Adobe Media Player is based on Apollo, Adobe’s cross-operating system runtime environment that lets web developers leverage Flash, Flex, HTML, JavaScript, and Ajax to deliver rich internet applications. "Apollo enabled us to develop an application that is playing Flash but also uses HTML in the interface," says Barberich. "That highlights what Apollo is all about, combining those two things in a desktop application. But there’s no reason these same components couldn’t be used inside of a browser, too."

Stefan Richter, a leading Flash developer, echoes the importance of Apollo. "I don’t see Adobe Media Player as the driving force here; instead it is the underlying technology," he says. "Apollo opens the door to applications which may even make Adobe’s own player look thin."

Microsoft Silverlight
At first glance, Microsoft’s Silverlight might seem like the diametric opposite of Adobe Media Player, in that it moves video and rich interactive applications into the browser and away from the popular Windows Media Player. But Silverlight represents more than just a 1MB plugin that supports the viewing of Windows Media Video and Audio along with vector-based graphics, animation, alpha blending, and the like; in other words, it’s a browser plugin that gives Microsoft a direct competitor to Flash.

But Microsoft is touting Silverlight as something much more than that, since it’s based on an expanded .NET framework that enables rich interactive application development and delivery, as well as efficient encoding via the new Expression Media Encoder, which can be paired with a Tarari-assisted hardware accelerator, and faster delivery via Longhorn, the code name for the new Windows Server and the IIS7 Media Pack, which enables bit-rate throttling and improved caching for CDNs.

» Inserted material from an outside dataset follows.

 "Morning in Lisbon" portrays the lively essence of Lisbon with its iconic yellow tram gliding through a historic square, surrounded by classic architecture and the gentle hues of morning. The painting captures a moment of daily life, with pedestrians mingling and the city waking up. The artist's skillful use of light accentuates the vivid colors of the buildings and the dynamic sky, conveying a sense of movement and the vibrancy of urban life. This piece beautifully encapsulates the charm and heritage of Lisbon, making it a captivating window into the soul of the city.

As such, it’s an outgrowth of a major change in Microsoft’s strategy and corporate culture, says Microsoft's Sean Alexander. "Rather than have a single organization [within Microsoft] thinking about digital media, the entire company needed to think about it," he says, "much in the same way that ten years ago the entire company needed to start thinking about the internet." That Silverlight is coming out of the company’s servers and tools division suggests the degree to which hardware may play a role in the technology’s future.

The Consumer Experience
When users visit a website with Silverlight content, they’ll be prompted to install the plugin; after three clicks, the web page will "light up" with Silverlight, Alexander says. Because it’s not a destination application like Windows Media Player, viewers will see content—whether it’s standard-definition video, widescreen HD video, animation, or any of the other supported mediums—within the browser, including on devices running Windows Mobile. All of this, including 720p HD, was displayed at NAB.

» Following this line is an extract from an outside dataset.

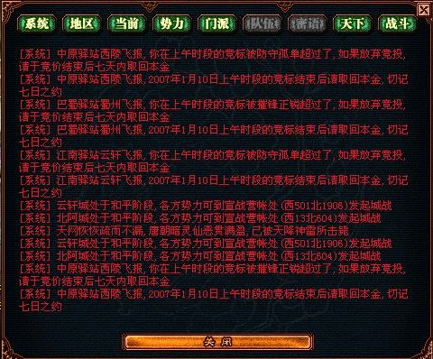 选好客户对象后,我们就可以根据此点来选择应该竟价的驿站了。在天下2里,每个地图都有很多个驿站,但是有两类驿站千万别投,谁投谁亏本。一种是各个门派的驿站,另外各个边界的驿站(如北江南界等),由于飞行符和黄土神石的存在,这类驿站一般很少用到。现在我们来看看天下2有哪些主要驿站,哪些值得我们去竟价经营。

"When you offer media, you want to offer it consistently and cross-platform," Alexander says. "You should also deliver it regardless of browser, using web standards like Ajax for programmability."

If this sounds a little bit familiar, it might be because Silverlight is the outgrowth of Windows Presentation Foundation/Anywhere, which was announced in late 2006. "One of the reasons the code name was that bad was that we wanted to fly under the radar," Alexander says, noting that the intentionally clunky moniker was designed to appeal only to the developer community and not so much to publishers and consumers.

What’s in it for Publishers and Advertisers?
Just because Microsoft was flying under the radar doesn’t mean it wasn’t working behind the scenes to establish partnerships. Partners announced so far include CDNs (Akamai, Limelight Networks, NaviSite, SyncCast), content aggregators and publishers (Brightcove, CBS, Major League Baseball, Netflix), and hardware and software vendors (Sonic Solutions, Tarari, Telestream, Winnov). (More on the hardware connection later.)